**Collected material**
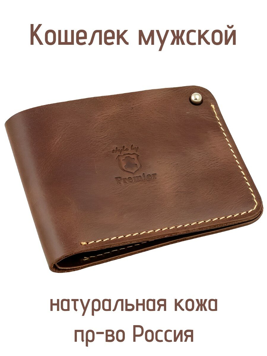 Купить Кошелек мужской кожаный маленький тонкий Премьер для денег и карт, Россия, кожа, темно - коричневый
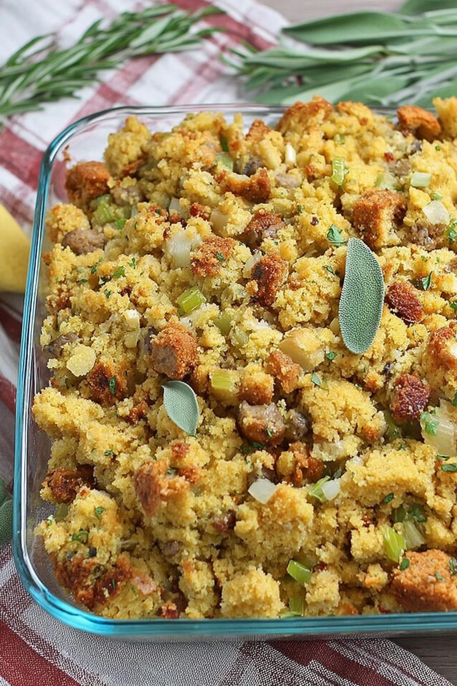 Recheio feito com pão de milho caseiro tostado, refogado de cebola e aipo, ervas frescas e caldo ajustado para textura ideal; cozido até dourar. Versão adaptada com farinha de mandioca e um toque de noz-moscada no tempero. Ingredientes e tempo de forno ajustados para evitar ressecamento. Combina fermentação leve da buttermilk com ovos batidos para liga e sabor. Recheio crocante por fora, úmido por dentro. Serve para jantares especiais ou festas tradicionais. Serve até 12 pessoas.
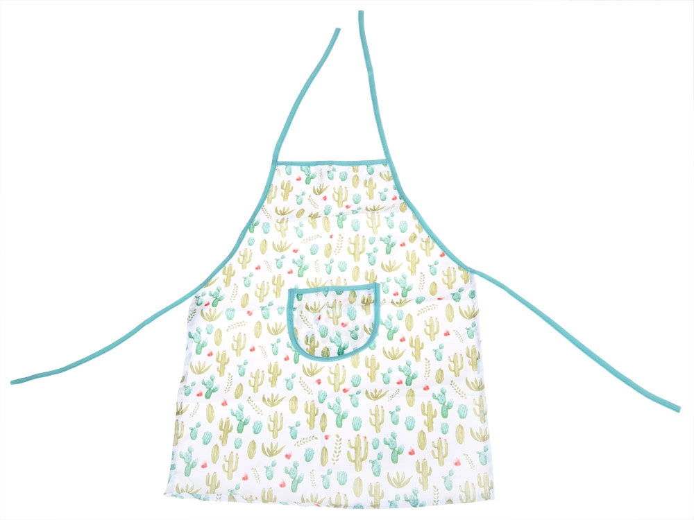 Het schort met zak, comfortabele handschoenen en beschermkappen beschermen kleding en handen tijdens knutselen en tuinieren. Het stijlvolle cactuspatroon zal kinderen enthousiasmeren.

**Task prompt**
Reproduce the lines of the listing exactly, starting at the one that contains "Recheio feito com" and continuing through the final line, but leave out the pictures.

**Reply**
 Recheio feito com pão de milho caseiro tostado, refogado de cebola e aipo, ervas frescas e caldo ajustado para textura ideal; cozido até dourar. Versão adaptada com farinha de mandioca e um toque de noz-moscada no tempero. Ingredientes e tempo de forno ajustados para evitar ressecamento. Combina fermentação leve da buttermilk com ovos batidos para liga e sabor. Recheio crocante por fora, úmido por dentro. Serve para jantares especiais ou festas tradicionais. Serve até 12 pessoas.
 Het schort met zak, comfortabele handschoenen en beschermkappen beschermen kleding en handen tijdens knutselen en tuinieren. Het stijlvolle cactuspatroon zal kinderen enthousiasmeren.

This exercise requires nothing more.